1. This reference is made at the instance of the Commissioner of Income-tax, Nagpur under s. 256(1) of the I.T. Act, 1961. The question referred by the Tribunal are as follows :
'1. Whether, on the facts and the circumstances of the case, the Appellate Tribunal was correct in holding that the provisions of section 52(2) were not applicable to the instant case ?
2. Whether, on the facts and in the circumstances of the case, the Appellate Tribunal was correct in holding that there was no capital gain taxable under section 52 of the Income-tax Act, 1961, arising to the assessee on the sale of property for the year under consideration ?'
2. The assessee was one of the co-owners of a building known as 'Sandoz Building' at Bombay. During the assessment year 1974-75, the building was sold by all the co-owners to H. H. Dr. Syedna Taher Saifuddin Memorial Foundation, Bombay, for consideration of Rs. 35,00,000. The ITO, having taken the view that there was reason to believe that the fair market value of the property on the date of transfer exceeded the apparent consideration by more than 15%, made a reference under s. 55A of the I.T. Act to the District Valuation Officer, Bombay, directing him to make a report on the value of the building on the date of its transfer.
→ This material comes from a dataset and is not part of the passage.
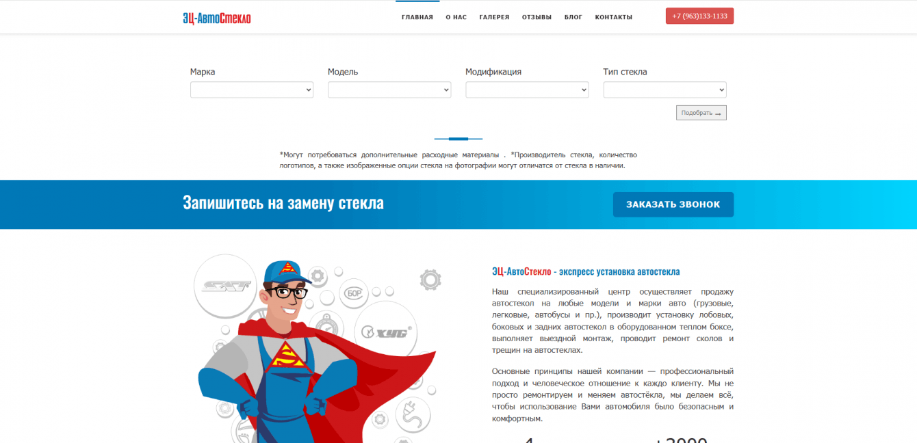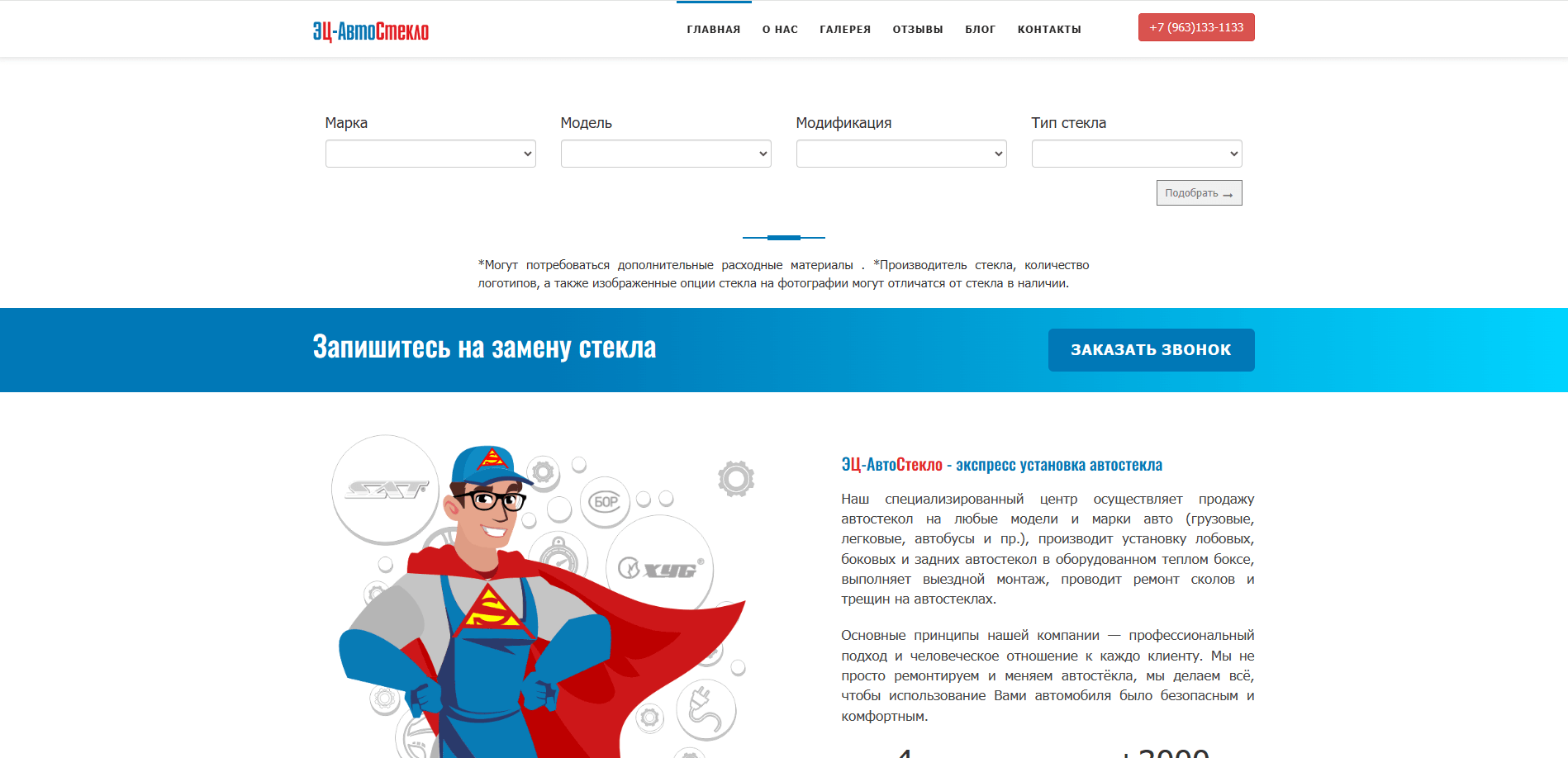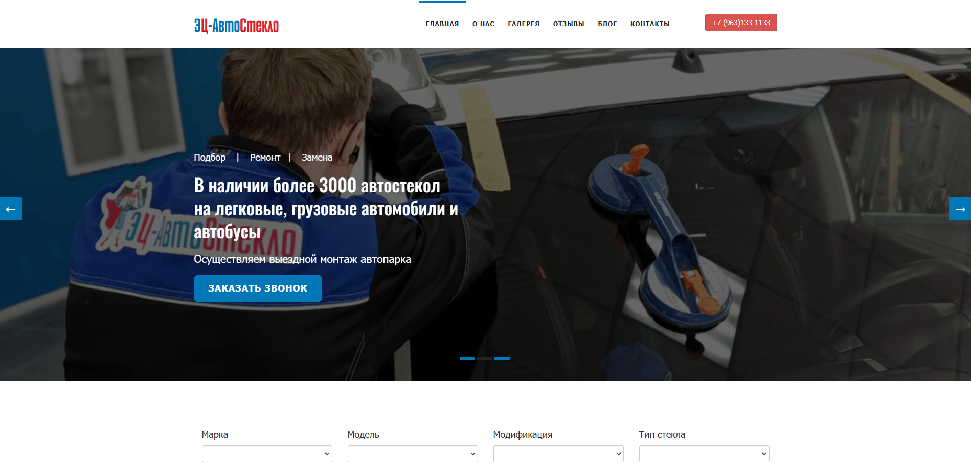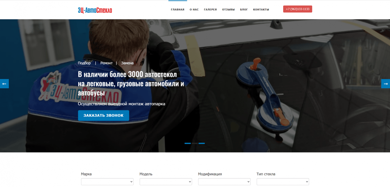 Сайт для компании по продаже и установке автостекол с функцией подбора автостекла по заданным параметрам
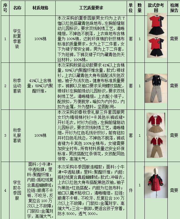 5.項目概況:本項目為常州市新北區(qū)新港幼兒園園服采購項目,包括園服制作、運抵、卸貨至采購人現(xiàn)場指定位置,通過采購人及其他相關部門的驗收,直至發(fā)放和余貨取回等全過程工作。其中每套園服包含:夏季套裝1套,秋季運動套裝1套、秋季禮服套裝1套、冬季園服1件。成交單位需等到采購人新生報到,征得2/3以上家長同意后,雙方才履行合同,采購人負責將采購款式、數(shù)量交予成交單位,成交單位按照采購人提供的款式、顏色要求制造校服,校服面料必須與采購需求中一致。貧困學生校服征訂工作按教育主管部門相關文件執(zhí)行。成交單位還需要承擔其他班級園服的增訂工作,具體數(shù)量價格按照現(xiàn)有標準實行。

3. The District Valuation Officer made a report that the fair market value of the said property was estimated at Rs. 65,08,000. The ITO took recourse to the provisions of s. 52(2) of the I.T. Act and adopted the fair market value as the full value of the consideration for the purpose of computing capital gains from the transfer of the said building. The assessee, who had 8% share in the building sold, was thus assessed for capital gains at Rs. 2,77,786. Making allowance for the basic exemption of Rs. 5,000, long-term capital gains were estimated at Rs. 2,72,786.
4. The assessee filed an appeal before the AAC. In the meantime, the question with regard to the fair market of the property in question had come up before the Appellate Tribunal in acquisition proceedings and, there, the fair market value of the property was fixed at Rs. 37,47,315.75. Following this decision, the AAC held that the provisions of s. 52(2) of the I.T. Act were not applicable and he directed the ITO to compute capital gains by adopting the sale consideration at Rs. 35,00,000 which was the consideration disclosed in the document. This decision of the AAC has been confirmed by the Tribunal, while dismissing the appeal filed by the Department. Arising out of this order of the Tribunal, the question reproduced earlier have been referred to this court.
5. The law with regard to the applicability of s. 52(2) of the I.T. Act has now been settled by the Supreme Court in K. P. Varghese v. ITO : 131ITR597(SC) .
6. The Supreme Court has taken the view that s. 52(2) can be invoked only where the consideration for the transfer of a capital asset has been understated by the assessee, or in other words, the full value of the consideration in respect of the transfer is shown at a lesser figure than that actually received by the assessee, and the burden of proving such understatement of concealment is on Revenue. It is also pointed out that sub-s. (2) of s. 52 has no application to the case of an honest and bona fide transaction where the consideration received by the assessee has been correctly declared or disclosed by him.
7. The facts, as they appear in this reference, indicate that the ITO had invoked the provisions of s. 52(2). But as it now transpires, there is no material to show that the consideration has been understand or that the full value of the consideration is shown at a lesser figure than that actually received by the assessee. The burden to prove the circumstances on which the provisions of s. 52(2) can be attracted was on the Department. It is not in dispute that there is no material on which the department can rely in order to invoke the provisions of s. 52(2). For the purpose of this reference, the Department is also bound by the finding recorded in the acquisition proceedings that the fair market value did not exceed Rs. 37,47,315.75. In view of that finding, the AAC and the Tribunal were clearly justified in holding that there was no case for invoking the provisions of s. 52(2) and that the capital gain had to be determined on the footing that the consideration for the property in question was Rs. 35,00,000. In this view of the matter, the questions referred are answered as follows :
Question No. 1 in the affirmative and in favour of the assessee.
Question No. 2 in the affirmative and in favour of the assessee.
8. There will be no order as to costs in this reference.